Cerebral Palsy body is latest NGO hit by funding crisis

2013-10-30 00:00

THE Pietermaritzburg Cerebral Palsy Association (CPASSOC) is the latest organisation in the city to be hit by a funding crisis.

The NGO, which was started 34 years ago, has barely enough funds to carry on until the end of the year. In addition to serving the needs of children and their families affected by cerebral palsy, the organisation runs the Stepping Stones School and the S’khumbuzo Memorial Disability Clinic in Creighton.

Staff have already taken salary cuts to continue to provide all their services.

CPASSOC chairperson Sarah Rule said that the funding crisis this year was a result of the National Lottery’s delay in processing their funding application, which was submitted in December 2012.

Rule said that although the association’s centre in Pietermaritzburg had been registered with the Department of Social Development as a place of care, they had not received any funding support from the government for the past three years, despite having signed service level agreements.

Child Welfare’s Julie Todd had told The Witness earlier this year that government’s non-funding of NGO-run places of care was an issue that the sector was challenging.

Rule said the Cerebral Palsy Association was entirely dependent on donor funding to operate.

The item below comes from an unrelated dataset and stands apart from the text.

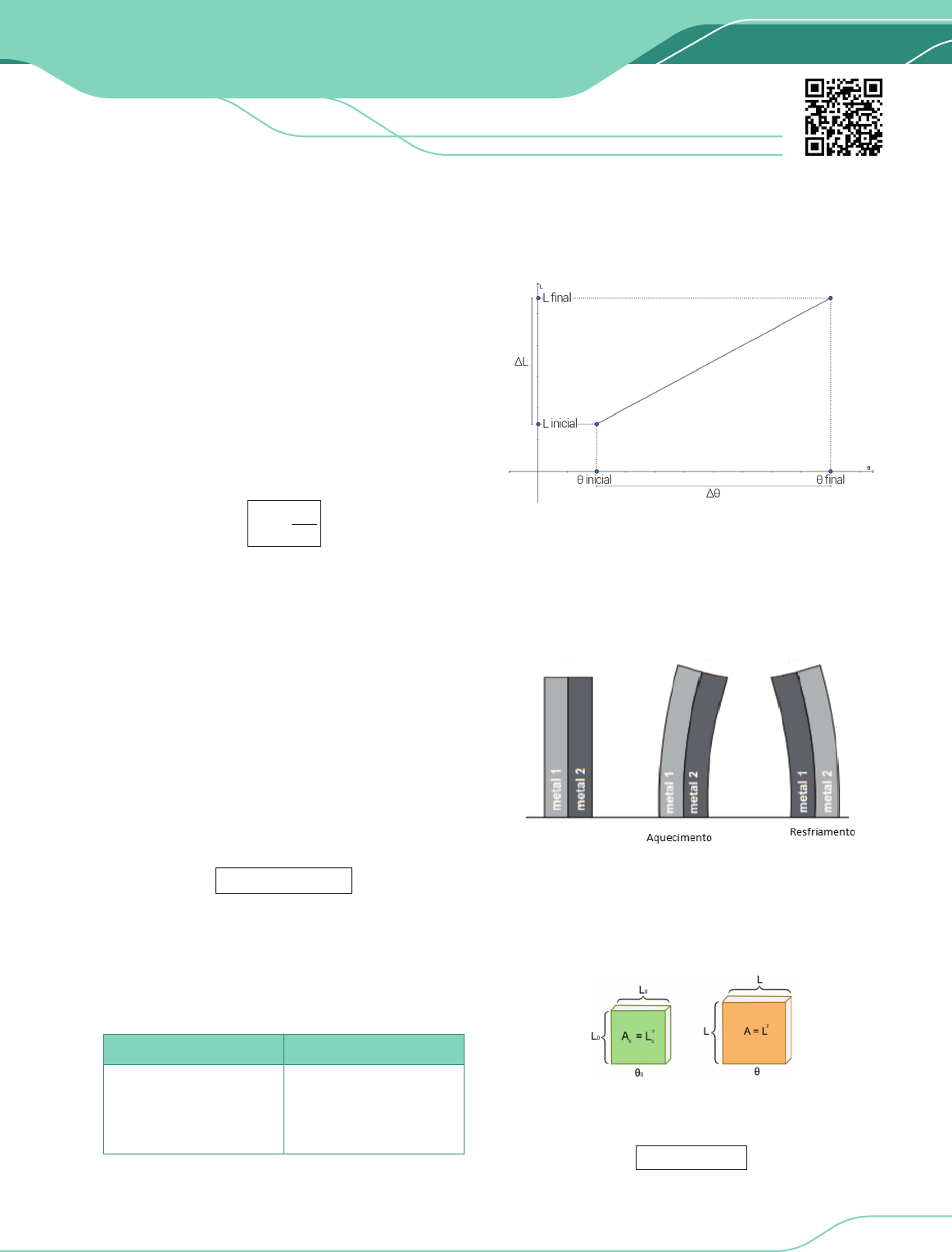 FÍSICA II PRÉ-VESTIBULAR 329SISTEMA PRODÍGIO DE ENSINO 02 DILATAÇÃO TÉRMICA DILATAÇÃO TÉRMICA Sabemos que a temperatura de um corpo é a medida do grau de agitação de suas moléculas. Quando a temperatura do corpo aumenta, essa agitação também aumenta e com isso o espaçamento médio entre as moléculas tende a se torna maior. Portanto, cresce o volume ocupado pelo corpo, o que chamamos de DILATAÇÃO. É fácil concluir que se a temperatura diminuir, as moléculas tendem a ficar mais próximas, diminuindo espaçamento entre elas e provocando o que chamamos de CONTRAÇÃO. Existem substâncias, como por exemplo, a água, que demonstram um comportamento anômalo em certas variações de temperatura, mas abordaremos esse caso mais à frente. Vale ressaltar que o volume do corpo sofre alteração com a mudança de temperatura, mas a massa do corpo permanece inalterada, logo, a densidade também passa a depender da temperatura. Volume e densidade são inversamente proporcionais. md v ↓ = ↑ Se um corpo sofre dilatação sua densidade diminui, se o corpo sofre contração sua densidade aumenta. DILATAÇÃO LINEAR Dilatação (ou Contração) Térmica é aquela que ocorre devido a uma variação na sua temperatura. É pouco usada a expressão contração, mas quando se encontra uma dilatação negativa é fato que o corpo contraiu. Quando esta dilatação se faz sensível em apenas uma das dimensões do corpo dizemos que houve uma Dilatação Linear. Consideremos uma barra de comprimento inicial igual a L0 a uma temperatura θ0. Se aquecermos esta barra a uma temperatura θ, ela aumentará seu comprimento de L0 atingindo um comprimento L. A variação de comprimento ΔL é proporcional ao comprimento inicial L0 e à variação de temperatura ΔL = L0 · α · Δθ A constante de proporcionalidade α que nos permite escrever a equação acima é uma característica do material com o qual se está trabalhando e leva o nome de Coeficiente de Dilatação Linear. A tabela abaixo mostra alguns valores de coeficientes de dilatação linear. Verifique porque sua unidade é o oC-1. Material (°C-1) Chumbo Alumínio Cobre Vidro comum 27.10-6 22.10-6 17.10-6 9.10-6 A expressão citada anteriormente combinada com a expressão ∆L = L – Lo nos leva à equação L=L0(1+α∆θ), que nos permite calcular o comprimento final. Nossa experiência mostra que os alunos erram menos quando trabalham com as duas primeiras equações separadas. Lâminas Bimetálicas Uma lâmina bimetálica é construída a partir de duas lâminas metálicas com coeficientes de dilatação diferentes. Na figura quando as lâminas são aquecidas, considerando a1 > a2, a lâmina do metal 1 sofre uma dilatação maior que a lâmina do metal 2, gerando uma deflexão tomando a forma de um arco. No resfriamento também ocorre uma deflexão, porém com uma curvatura contrária da observada no aquecimento. DILATAÇÃO SUPERFICIAL Dizemos que um corpo sofreu uma dilatação superficial quando a dilatação se faz sensível em apenas duas dimensões. Na figura abaixo, a placa possuía uma área igual a A0. Ao ser aquecida, sua dimensão passará a ser A. A expressão que calcula a variação da área da placa é bem parecida com a expressão da dilatação linear. Podemos calcular a variação da área pela fórmula: ∆A=A0·β·∆θ PRÉ-VESTIBULARSISTEMA PRODÍGIO DE ENSINO330 FÍSICA II 02 DILATAÇÃO TÉRMICA Combinando com ∆A = A – A0 encontramos A=A0(1+β∆θ), continuamos sugerindo que trabalhe apenas com as duas primeiras equações. A constante de proporcionalidade β que proporciona a primeira equação é denominada Coeficiente de Dilatação Superficial, e é possível mostrar que sua relação com β é: β=2α. Dilatação em cavidades No aquecimento, orifícios encontrados em placas ou blocos aumentarão de tamanho e, no resfriamento diminuirão de tamanho. Tudo acontecendo como se a placa ou o bloco tivessem os buracos preenchidos do mesmo material existente ao seu redor. Veja o exemplo na imagem: Quando um objeto sofre uma dilatação térmica, quaisquer buracos existentes no objeto também se dilatam (a dilatação foi exagerada na imagem). DILATAÇÃO VOLUMÉTRICA Na dilatação volumétrica não podemos desprezar nenhuma dimensão, as três são relevantes fazendo com que o corpo aumente o seu volume. Ocorre por exemplo nos fluidos e sólidos como: líquidos, gases, esferas, cubos, etc. Agora a constante de proporcionalidade será o COEFICIENTE DE DILATAÇÃO VOLUMÉTRICO γ, onde γ=3α. Extravasamento Agora temos um líquido que preenche por completo um recipiente e ambos são aquecidos. O líquido sofrerá uma dilatação volumétrica e uma parte acabará sendo derramada para fora do recipiente. Essa porção que extravasou é chamada de dilatação aparente, pois para saber a dilatação real do líquido ainda deveríamos levar em conta a dilatação do recipiente. Logo: Volume inicial do líquido = Volume inicial do recipiente Variação Percentual Pode-se perguntar a variação percentual das dimensões de um corpo ao sofrer uma variação de temperatura, para responder devemos usar as seguintes relações: PRÉ-VESTIBULAR SISTEMA PRODÍGIO DE ENSINO 02 DILATAÇÃO TÉRMICA 331 FÍSICA II 1) ∆ ∆ = ⋅ 0 LL% 100 L para variação percentual na dilatação linear.ou ∆ = α ⋅ ∆θ ⋅L% 100 2) ∆ ∆ = ⋅ 0 AA% 100 A para variação percentual na dilatação superficial.ou ∆ = β ⋅ ∆θ ⋅A% 100 3) ∆ ∆ = ⋅ 0 VV% 100 V para variação percentual na dilatação volumétrica.ou ∆ = γ ⋅ ∆θ ⋅ V% 100 Observe os exercícios resolvidos para entender as aplicações de variação percentual em questões. 01. Uma barra sofre uma variação percentual de 0,4% de comprimento ao sofrer um aquecimento de 200°C. Calcule o coeficiente de dilatação linear dessa barra. Resolução: ∆ = α ⋅ ∆θL% ·100 = α ⋅ ⋅0,4 200 100 = α ⋅0,4 20 000 α = 0,4 20 000 − −⋅

She said it costs about a R1 million a year to run the organisation.

“Our major donors are the National Lotteries Distribution Trust Fund, the Community Chest and the Ken Collins Charity Trust, in addition to other smaller donors,” said Rule.

“It is a challenge each year to see if we will have enough funds to run the association and this year we are feeling particularly concerned because of the lengthy delay in getting a response from the Lotto.”

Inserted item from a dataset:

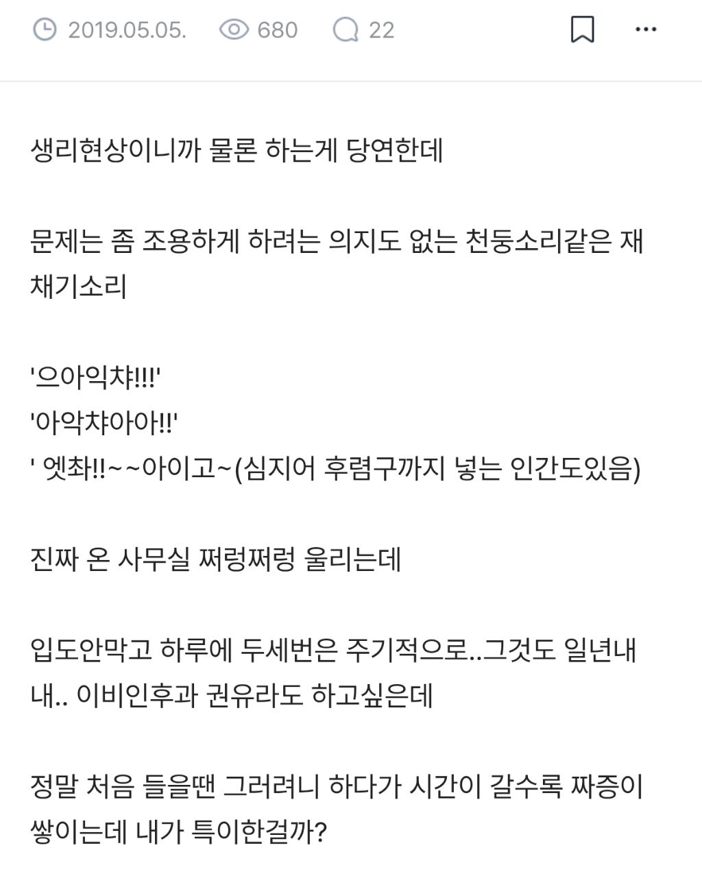 재채기는 생리현상이니까 나오는건 당연한데 최소한의 작게 하려는 노력도 없이 ㅈㄹ 크게 하는 사람들

She added that should their application be unsuccessful or delayed even further, CPASSOC will only be able to operate until the end of the year.

“It will mean the closure of Stepping Stones School, the S’khumbuzo Zulu Memorial Disability Clinic, our community therapy programme and also our involvement in the cerebral palsy clinic at Edendale Hospital.

“This will have a significant impact on the health and wellbeing of over 500 children with disabilities and their caregivers,” said Rule.

Other organisations that faced funding cuts this year included Childline, Rape Crisis and the Child Welfare Society.

What is Cerebral Palsy?

ACCORDING to CPASSOC: Cerebral palsy (CP) is an umbrella term that refers to a group of disorders affecting a person’s ability to move. It is a permanent life-long condition, but generally does not worsen over time. It is due to damage to the developing brain either during pregnancy or shortly after birth.

Cerebral palsy affects people in different ways and can affect body movement, muscle control, muscle co-ordination, muscle tone, reflex, posture and balance. People who have cerebral palsy may also have visual, learning, hearing, speech, epilepsy and intellectual impairments.

Famous people with cerebral palsy include motor racing star Nicholas Hamilton, comedian Chris Fonseca and Christy Brown, an Irish author, painter and poet. The Academy Award-winning film My Left Foot, starring Daniel Day-Lewis, profiled Brown’s life.